Exercise requirements:
An exact copy of the data is required. No picture may appear in it.

Source material:
━━━━━━━━

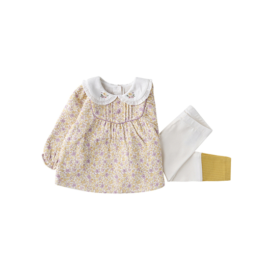 소프트한 옐로우 컬러의 쁘띠 버드 상하복입니다.
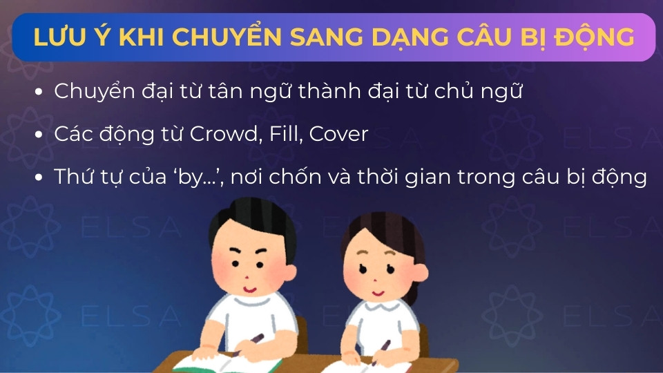 Đối với các câu chứa một trong ba động từ crowd, fill, cover, khi chuyển câu từ chủ động sang bị động, ta sử dụng “with” thay cho “by” ở phía trước tân ngữ.
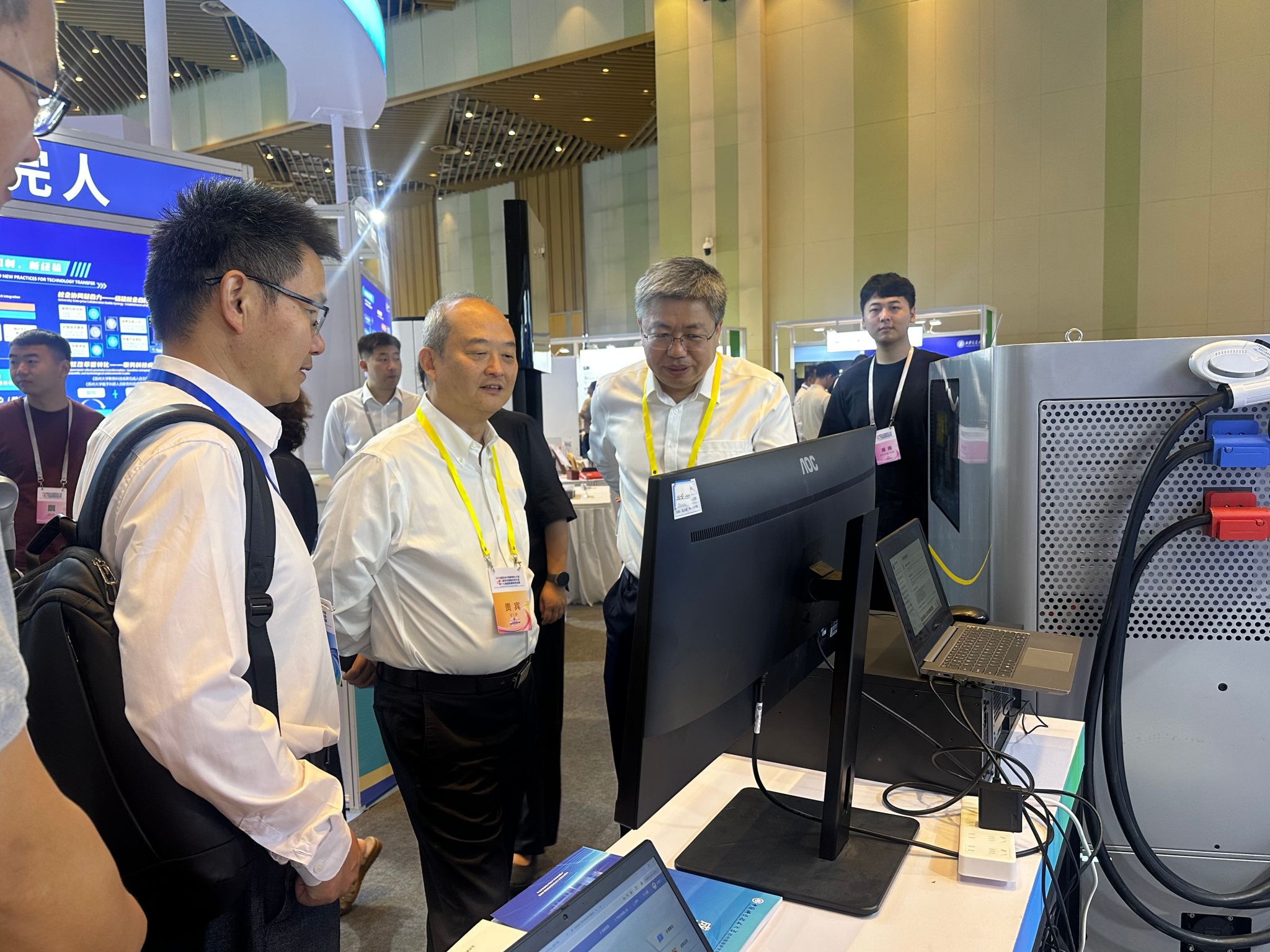 开幕式前,在苏州高等研究院执行院长闫立峰陪同下,吴枫来到展位参观指导。展位集中展示了苏州高等研究院在电子信息、人工智能等领域的最新科研成果及其产业化前景。吴枫详细询问了部分项目的技术特点、应用场景及转化进展,他鼓励科研团队继续深化研究,加速推动科技成果从实验室走向市场,更好发挥苏州高等研究院作为区域创新策源与产业赋能平台的作用。

━━━━━━━━

Solved exercise:
 소프트한 옐로우 컬러의 쁘띠 버드 상하복입니다.
 Đối với các câu chứa một trong ba động từ crowd, fill, cover, khi chuyển câu từ chủ động sang bị động, ta sử dụng “with” thay cho “by” ở phía trước tân ngữ.
 开幕式前,在苏州高等研究院执行院长闫立峰陪同下,吴枫来到展位参观指导。展位集中展示了苏州高等研究院在电子信息、人工智能等领域的最新科研成果及其产业化前景。吴枫详细询问了部分项目的技术特点、应用场景及转化进展,他鼓励科研团队继续深化研究,加速推动科技成果从实验室走向市场,更好发挥苏州高等研究院作为区域创新策源与产业赋能平台的作用。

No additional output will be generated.